普段の料理でもかつお節をよく利用する松岡家。かつお節をかけるというひと手間をプラスするだけで、料理の味がグッとおいしくなるので、手放せない食材の一つだと言います。
修生くん「いつも食べているかつお節は、知っていそうで知らないなあと思いました。どう作られていてどんな種類があるのか調べてみたいです。それからかつお節を使ったおもしろい料理にも挑戦してみたい!」
お母さん「息子が幼い頃に小麦などの食物アレルギーがあったので、食事は和食中心に。かつお節はいろいろな野菜とも相性がよいので、家族の食事には欠かせない食材です。身近な食材だからこそ、なぜかけるだけでおいしくなるのか、今回は私も一緒に学びたいです」
ということで、今回はかつお節で有名なヤマキさんのサイト「ヤマキ かつお節プラス®︎」と自由研究用のワークシートを活用して自由研究スタート!
「かつお節」ができるまでを知ろう

図鑑でカツオについて確認した後、最初に調べたのは、かつお節ができるまでの工程です。「ヤマキかつお節プラス®︎ かつお節 大百科」では、入門編・歴史編・素材編・製造編・削り方編・だし編などとかつお節にまつわる知識がとても詳しく紹介されています。
かつお節の原料は体長60cm前後のカツオ。とくに春、黒潮に沿って日本の太平洋岸を北上する「上りがつお」が、脂肪分が少なくかつお節の原料には適していることがわかりました。
かつお節ができる工程をチェック

カツオは「巻き網漁」や「一本釣り」で獲られます。水揚げし、冷凍保存されていたカツオは解凍され、生切り→かご立てという工程を経ます。その後、煮熟→骨抜き→焙乾し、研摩され、カビつけを行い、乾燥へ。
ワークシートを使って、工程についてまとめてみたものがこちら。

修生くん「いぶすのを6〜15回も繰り返すことにびっくり。何気なく料理に使っているかつお節は、手間暇かけて作られていることに驚いたし、ありがたいものだという気持ちが生まれました」
「かつお節」の種類を比べてみよう
次に注目したのは、かつお節にはいろいろな種類があること。今回は、削り方や大きさに違いのある3種類のかつお節を比べてみることにしました。

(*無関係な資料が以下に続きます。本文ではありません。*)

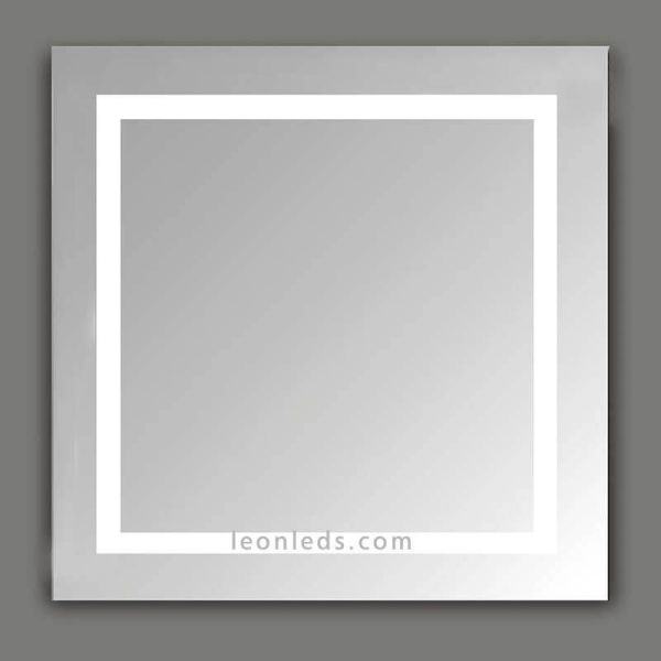 Espelho com luz LED para instalar no banheiro disponível em 2 medidas, um modelo quadrado de 77Cm x 77Cm com uma potência de 41W e uma intensidade de luz de 3.539Lm e o outro modelo retangular de 75Cm x 110Cm com uma potência de 51W e uma intensidade de luz de 4.443Lm. Estes dois modelos estão disponíveis em 2 diferentes tons de luz, Calid Light 3000K e Natural Light 4000K, estas opções podem ser selecionadas ao comprar o LED Bathroom Mirror.

実験に使うのはこちらのヤマキの3種類のかつお節です。
「徳一番®︎花かつお 70g」

一枚一枚は大きいけれど薄い。お皿に出してみるとふわっとボリュームの出る「徳一番®︎花かつお」。
「氷熟®︎マイルド削り 25g」

「氷熟®︎ マイルド削り」は、パッケージを見ると、“かつおを氷温帯でていねいに解凍してうま味成分をキープする「氷温熟成法」”と書かれています。
「氷熟®︎厚削り 70g」

「氷熟®︎ 厚削り」は、名前の通り厚く削ったかつお節。他の二つのかつお節とは見た目にも大きく違いがあることがわかります。
修生くん、まずは予想を立ててみました。

実験の予想はこちら。
修生くん
・マイルド削りと花かつおは、薄く削っているから味もさっぱりしていて柔らかくてにおいも弱い。
・逆に、厚削りのかつお節は味が濃くて硬くてにおいが強いのでは?

ワークシートに沿って比べてみたのは、色・形・におい・食感・合いそうな料理です。一つ一つ観察して、においをかぎ、実際に食べてみて味も確かめます。

比較実験の結果をワークシートに書き込んでいきます。

3種類のかつお節を比べた結果と考察は?
修生くん
・厚く削ったものはすごくにおいが強くてかつお節のにおいが広がった。そのまま食べると硬くて噛みにくいから、そうめんのつゆやお味噌汁のだしをとるのに良さそうだと思った。
・花かつおは、においも味もしっかりしていて、一枚は大きいけど薄く削られているから食べると口の中でまとまる食感だった。
・マイルド削りは、他の二つに比べるとにおいは強くないけど、細かくて食べやすいから、どんな料理にも合いそう。
・予想と違ったのは、花かつおのにおいと味の濃さ。薄く削っているから味も薄く感じるかと思っていたけど、実際はしっかりとかつお節のにおいがあって存在感があった。
同じかつお節でも味わいに違いが出るのはなぜ?
「ヤマキ かつお節プラス®︎かつお節 大百科 削り方編」によると、同じかつお節でも、削り出す時の刃の当て方や向きに加えて、どれくらいの薄さに仕上げるかによっても味わいが違ってくるとのこと。
「かつお節」を削ってみよう
削り方によって味わいに違いが出ることはわかったところで、今度はかつお節を実際に削ってみることに!

使用したのは「 鰹本節」です。

安全のため、軍手を着用。刃の出具合はお母さんにチェックしてもらいます。削りやすいよう、「鰹本節」の削り出しを整えて準備OK。ゆっくり削ってみます。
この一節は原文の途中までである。